While many relatives and their congressional representatives directed pleas for intervention to Mr. Vance, there is no indication that he himself knew anything of Jonestown before November 18, 1978. Within 48 hours of the deaths in Jonestown, however, Mr. Vance had asked the Guyana government for an immediate burial of the bodies in a mass grave, citing health and cost as the reasons for his request. The Guyana government balked at the idea, and to facilitate removal of the bodies, waived its requirement that victims of non-natural death receive autopsies. By Tuesday, November 21, both Mr. Vance and Defense Secretary Harold Brown had agreed that the bodies should be evacuated to the U.S. Nevertheless, according to U.S. government forensic pathologists, the disruption caused by the initial request for the mass grave and the haste to remove the bodies before Vance changed his mind, resulted in inadequate — even non-existent — examination of the bodies on the ground at Jonestown. Such examination might have answered many questions about the nature and circumstances of the deaths, both military and civilian pathologists have said.

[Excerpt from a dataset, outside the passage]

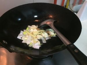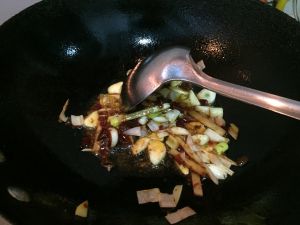 锅中油烧热,倒入葱姜蒜炒出香味,再倒入郫县豆瓣酱。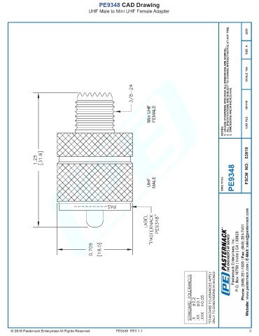 PE9348 CAD Drawing UHF Male to Mini UHF Female Adapter PE9348 REV 1.1 3

The editors of the jonestown report have also learned of the following deaths:
Richard Cordell, who left Jonestown in the spring of 1978, died in December 1983. His wife Barbara and three of their four children died in Jonestown. His remaining son, Mark, survived his father’s death.
Beverly Oliver, who, together with her husband Howard Oliver, was active with the Concerned Relatives organization in an effort to remove her sons, Bruce and Bill, from Jonestown, died recently. Bruce and Bill died in Jonestown; Howard Oliver pre-deceased his wife.
Helen Swinney, a Jonestown survivor, died recently in South Carolina. She was in her late 80’s. Her husband and two children died in Jonestown.